**Task brief:** Only some lines are wanted. Transcribe, exactly, the lines below from the line with "- Purchase Gifts, a" up to and including the line with "Set of 3 Small".

**Data for this exercise:**

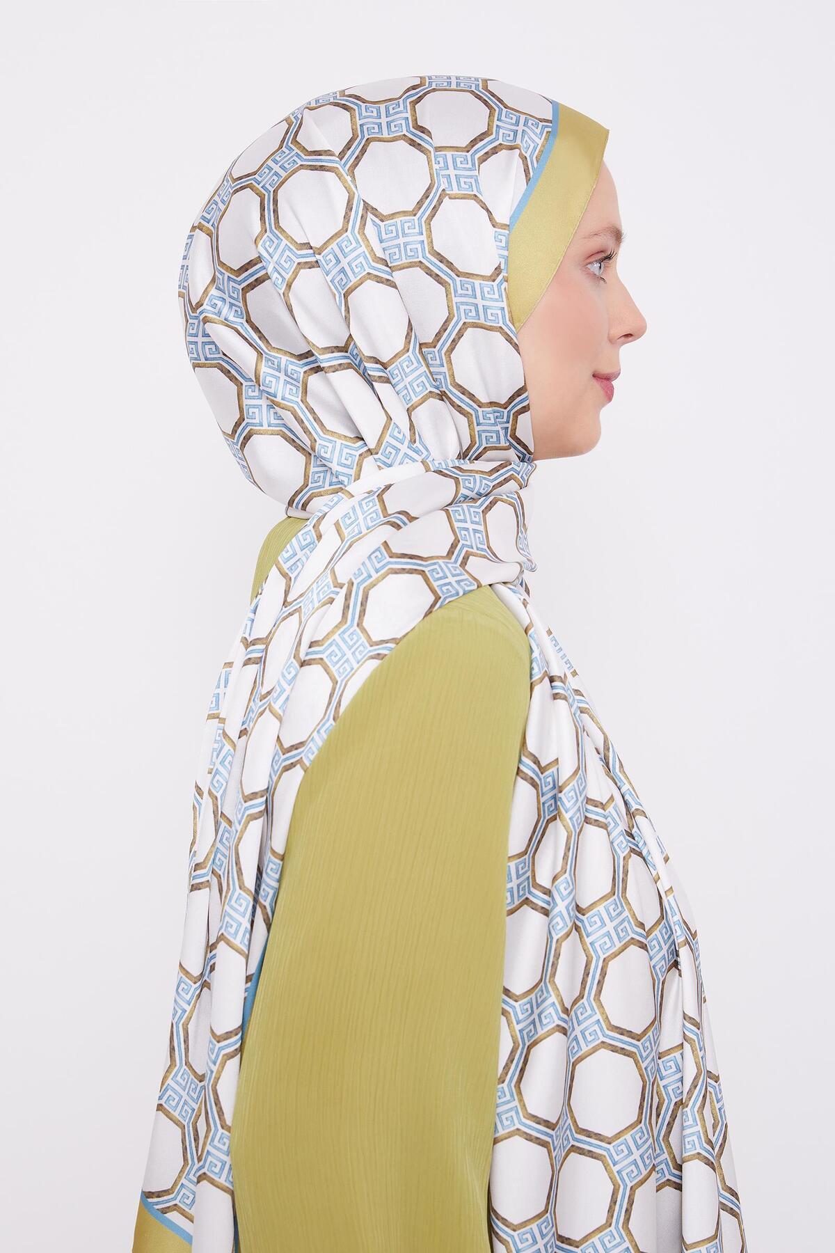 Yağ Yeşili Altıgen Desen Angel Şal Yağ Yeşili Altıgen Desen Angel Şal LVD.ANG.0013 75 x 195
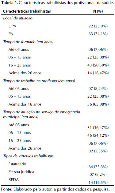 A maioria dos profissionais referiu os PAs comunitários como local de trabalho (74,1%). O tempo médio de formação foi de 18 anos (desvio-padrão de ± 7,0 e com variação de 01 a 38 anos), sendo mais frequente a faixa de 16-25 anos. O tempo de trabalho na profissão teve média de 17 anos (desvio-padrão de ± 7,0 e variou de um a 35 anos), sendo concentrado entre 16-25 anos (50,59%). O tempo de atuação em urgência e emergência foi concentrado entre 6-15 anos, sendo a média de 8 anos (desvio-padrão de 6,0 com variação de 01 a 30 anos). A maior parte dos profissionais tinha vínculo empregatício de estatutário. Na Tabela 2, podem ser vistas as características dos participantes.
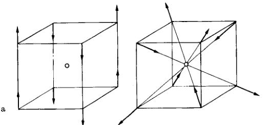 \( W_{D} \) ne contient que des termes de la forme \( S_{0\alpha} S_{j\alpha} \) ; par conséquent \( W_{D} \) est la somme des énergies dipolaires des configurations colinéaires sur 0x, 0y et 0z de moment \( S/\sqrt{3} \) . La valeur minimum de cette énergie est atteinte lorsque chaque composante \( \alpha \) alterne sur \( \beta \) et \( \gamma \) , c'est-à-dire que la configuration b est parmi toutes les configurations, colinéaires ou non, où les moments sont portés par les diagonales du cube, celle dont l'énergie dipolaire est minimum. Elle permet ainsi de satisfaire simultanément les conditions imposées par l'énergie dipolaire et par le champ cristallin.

* * *

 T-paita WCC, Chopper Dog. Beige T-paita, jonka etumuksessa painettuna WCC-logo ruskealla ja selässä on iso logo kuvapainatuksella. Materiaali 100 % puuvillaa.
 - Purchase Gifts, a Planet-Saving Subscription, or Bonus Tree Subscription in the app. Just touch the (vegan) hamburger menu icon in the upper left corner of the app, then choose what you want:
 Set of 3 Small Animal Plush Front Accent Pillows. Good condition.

...

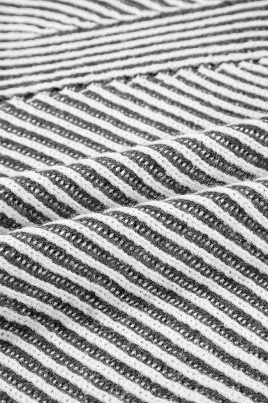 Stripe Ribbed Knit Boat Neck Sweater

**Exercise response:**
 - Purchase Gifts, a Planet-Saving Subscription, or Bonus Tree Subscription in the app. Just touch the (vegan) hamburger menu icon in the upper left corner of the app, then choose what you want:
 Set of 3 Small Animal Plush Front Accent Pillows. Good condition.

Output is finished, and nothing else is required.